# REQUIRED WORK
Restate every line of the material below word for word, skipping the images.

BEGIN

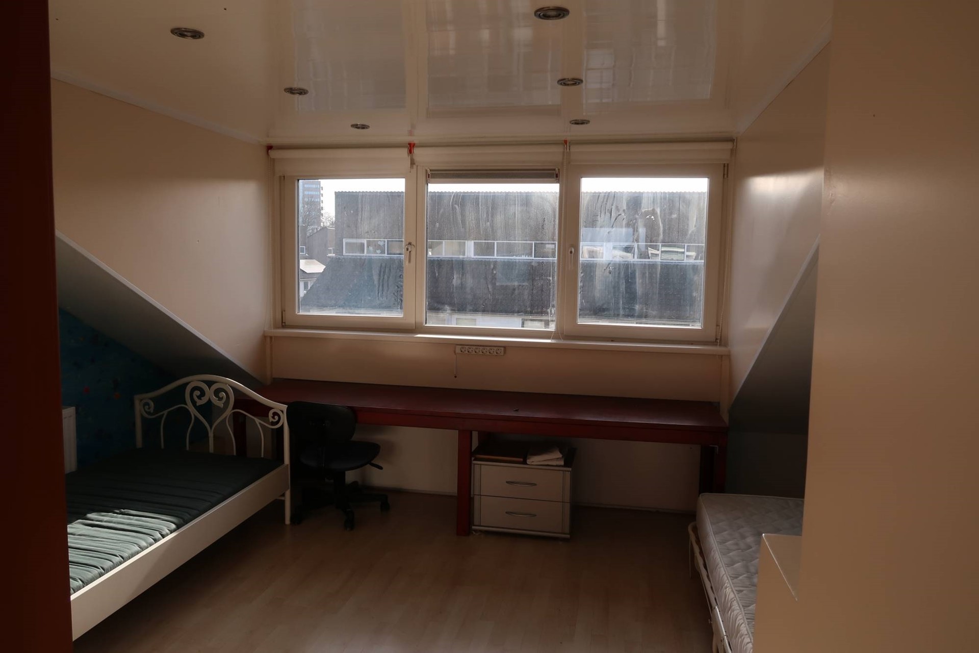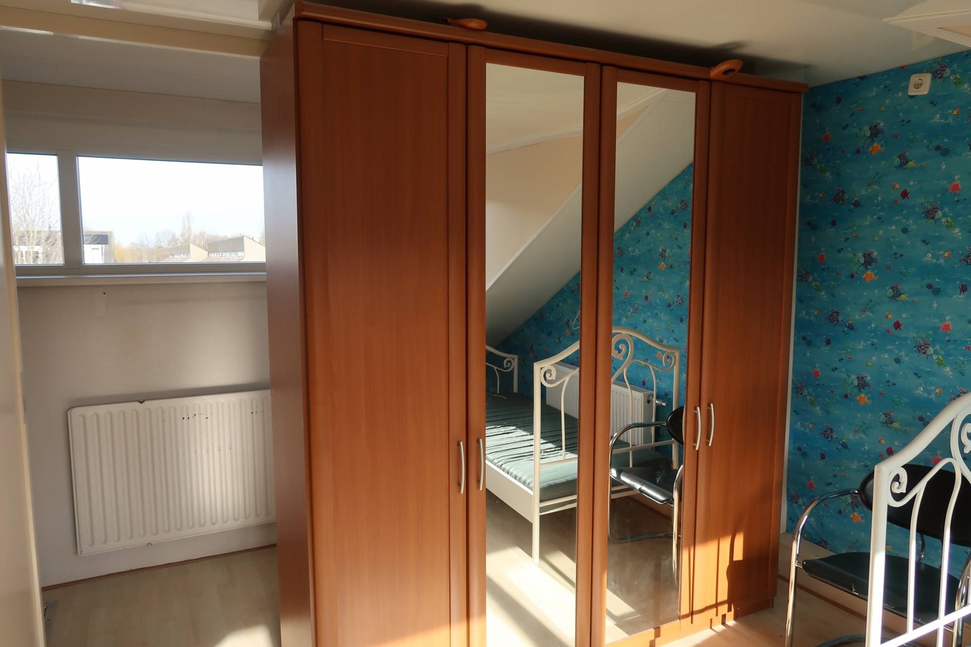 Een afgesloten trap leidt naar de bovenste etage, met stookruimte, wasmachineaansluiting en een, door middel van een dakkapel, ruime derde slaapkamer.
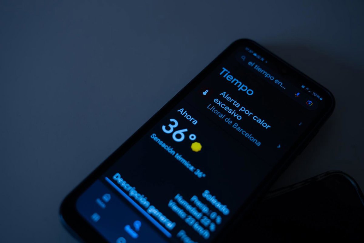 Archivo - Aviso de calor en un dispositivo móvil, a 31 de julio de 2024, en Barcelona, Catalunya (España). La ola de calor que afecta esta semana al país alcanza este miércoles, 31 de julio, su punto álgido y pone en aviso rojo, naranja o amarillo a casi - David Zorrakino - Europa Press - Archivo
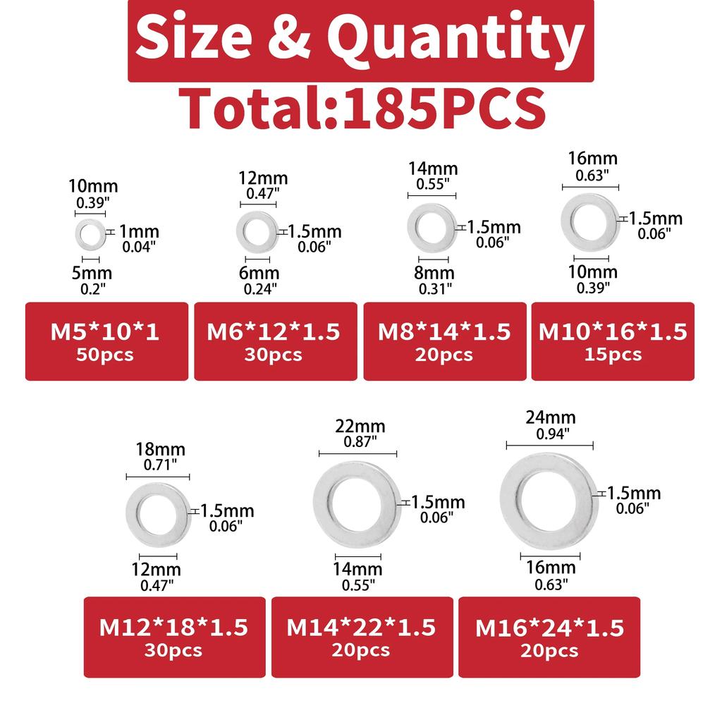 185pcs Aluminum Flat Washer Assortment Kit Aluminum Flat Washers M5 M6 M8 M10 M12 M14 M16 Washer Flat Ring Gasket Rings
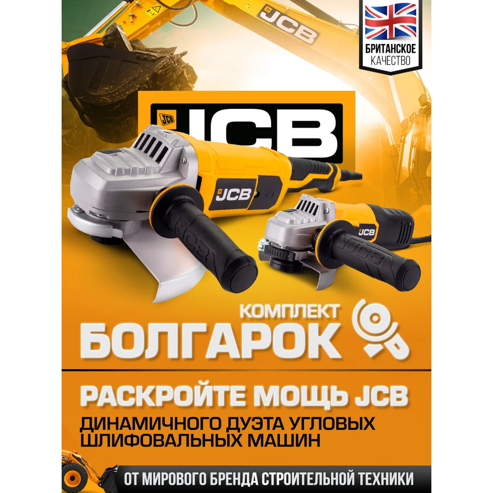 Купить Набор машин углошлифовальных JCB электрических -AG115-E (600Вт,12 000 об/мин, диаметр диска 115мм) и AG230-E (2000Вт, 6500 об/мин, диаметр диска 230мм) JCB-AGTPK-E(57263) по лучшей цене с доставкой - интернет магазин №1 в России
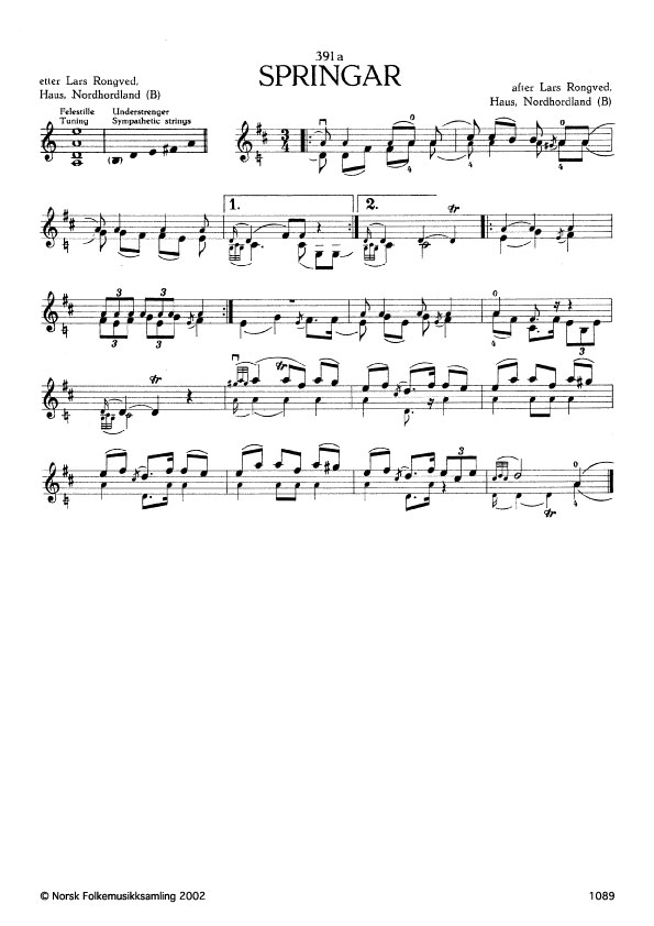 (Springar) B. 12. Oppskr. 1915. Rongved lærde slåtten av Magne Kleiveland (Einlidskarden), Haus, Hordaland, og denne hadde han etter Nils Rekve, Voss, Hordaland.

END

# FINAL ANSWER
 Een afgesloten trap leidt naar de bovenste etage, met stookruimte, wasmachineaansluiting en een, door middel van een dakkapel, ruime derde slaapkamer.
 Archivo - Aviso de calor en un dispositivo móvil, a 31 de julio de 2024, en Barcelona, Catalunya (España). La ola de calor que afecta esta semana al país alcanza este miércoles, 31 de julio, su punto álgido y pone en aviso rojo, naranja o amarillo a casi - David Zorrakino - Europa Press - Archivo
 185pcs Aluminum Flat Washer Assortment Kit Aluminum Flat Washers M5 M6 M8 M10 M12 M14 M16 Washer Flat Ring Gasket Rings
 Купить Набор машин углошлифовальных JCB электрических -AG115-E (600Вт,12 000 об/мин, диаметр диска 115мм) и AG230-E (2000Вт, 6500 об/мин, диаметр диска 230мм) JCB-AGTPK-E(57263) по лучшей цене с доставкой - интернет магазин №1 в России
 (Springar) B. 12. Oppskr. 1915. Rongved lærde slåtten av Magne Kleiveland (Einlidskarden), Haus, Hordaland, og denne hadde han etter Nils Rekve, Voss, Hordaland.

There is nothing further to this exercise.